* WORK ITEM: Within the entries below, the lines from the one with "尽管是这样的情况,C罗的自信" through the one with "0 C) b( u; a%" are to be set down exactly, both ends kept.

* DATA SUPPLIED:

....................

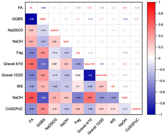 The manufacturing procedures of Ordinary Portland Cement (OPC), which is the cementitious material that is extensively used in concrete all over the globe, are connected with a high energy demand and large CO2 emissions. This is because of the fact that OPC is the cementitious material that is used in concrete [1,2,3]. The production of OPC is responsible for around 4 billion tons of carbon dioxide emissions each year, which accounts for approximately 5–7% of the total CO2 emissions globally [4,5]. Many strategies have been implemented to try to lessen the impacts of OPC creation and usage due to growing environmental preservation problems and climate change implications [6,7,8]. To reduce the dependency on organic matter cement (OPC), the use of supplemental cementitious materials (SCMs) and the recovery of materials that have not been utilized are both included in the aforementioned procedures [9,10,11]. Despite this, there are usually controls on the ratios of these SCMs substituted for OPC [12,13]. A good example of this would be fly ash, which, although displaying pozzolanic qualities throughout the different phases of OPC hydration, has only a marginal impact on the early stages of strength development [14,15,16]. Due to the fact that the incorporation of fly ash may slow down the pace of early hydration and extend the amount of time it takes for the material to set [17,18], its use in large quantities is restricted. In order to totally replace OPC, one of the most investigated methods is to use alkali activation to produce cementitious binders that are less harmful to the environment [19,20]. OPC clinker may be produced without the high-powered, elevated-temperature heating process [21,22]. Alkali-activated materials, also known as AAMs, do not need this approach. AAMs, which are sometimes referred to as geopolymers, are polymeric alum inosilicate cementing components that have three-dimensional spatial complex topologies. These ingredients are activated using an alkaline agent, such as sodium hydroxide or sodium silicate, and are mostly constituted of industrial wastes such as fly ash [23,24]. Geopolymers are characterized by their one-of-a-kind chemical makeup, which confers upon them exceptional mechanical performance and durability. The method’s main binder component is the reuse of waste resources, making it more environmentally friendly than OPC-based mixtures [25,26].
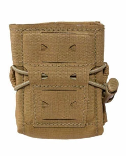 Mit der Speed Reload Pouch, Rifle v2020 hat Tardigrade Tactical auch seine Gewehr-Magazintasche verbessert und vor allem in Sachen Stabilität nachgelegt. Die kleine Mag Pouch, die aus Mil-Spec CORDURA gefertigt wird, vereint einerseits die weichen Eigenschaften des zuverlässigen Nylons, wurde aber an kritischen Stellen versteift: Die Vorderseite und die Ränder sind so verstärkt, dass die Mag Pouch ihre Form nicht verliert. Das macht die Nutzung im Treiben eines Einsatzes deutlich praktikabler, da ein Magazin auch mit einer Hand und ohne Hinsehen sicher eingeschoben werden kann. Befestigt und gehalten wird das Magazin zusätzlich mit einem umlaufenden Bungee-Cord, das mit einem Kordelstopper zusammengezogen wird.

....................

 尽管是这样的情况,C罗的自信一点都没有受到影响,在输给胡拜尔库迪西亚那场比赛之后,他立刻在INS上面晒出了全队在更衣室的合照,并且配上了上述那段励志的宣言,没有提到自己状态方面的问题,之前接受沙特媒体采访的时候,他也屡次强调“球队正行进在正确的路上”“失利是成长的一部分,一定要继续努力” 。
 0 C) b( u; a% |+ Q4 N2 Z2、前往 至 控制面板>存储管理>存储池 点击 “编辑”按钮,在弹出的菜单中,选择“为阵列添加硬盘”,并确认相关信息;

....................

* RESPONSE TO THE EXERCISE:
 尽管是这样的情况,C罗的自信一点都没有受到影响,在输给胡拜尔库迪西亚那场比赛之后,他立刻在INS上面晒出了全队在更衣室的合照,并且配上了上述那段励志的宣言,没有提到自己状态方面的问题,之前接受沙特媒体采访的时候,他也屡次强调“球队正行进在正确的路上”“失利是成长的一部分,一定要继续努力” 。
 0 C) b( u; a% |+ Q4 N2 Z2、前往 至 控制面板>存储管理>存储池 点击 “编辑”按钮,在弹出的菜单中,选择“为阵列添加硬盘”,并确认相关信息;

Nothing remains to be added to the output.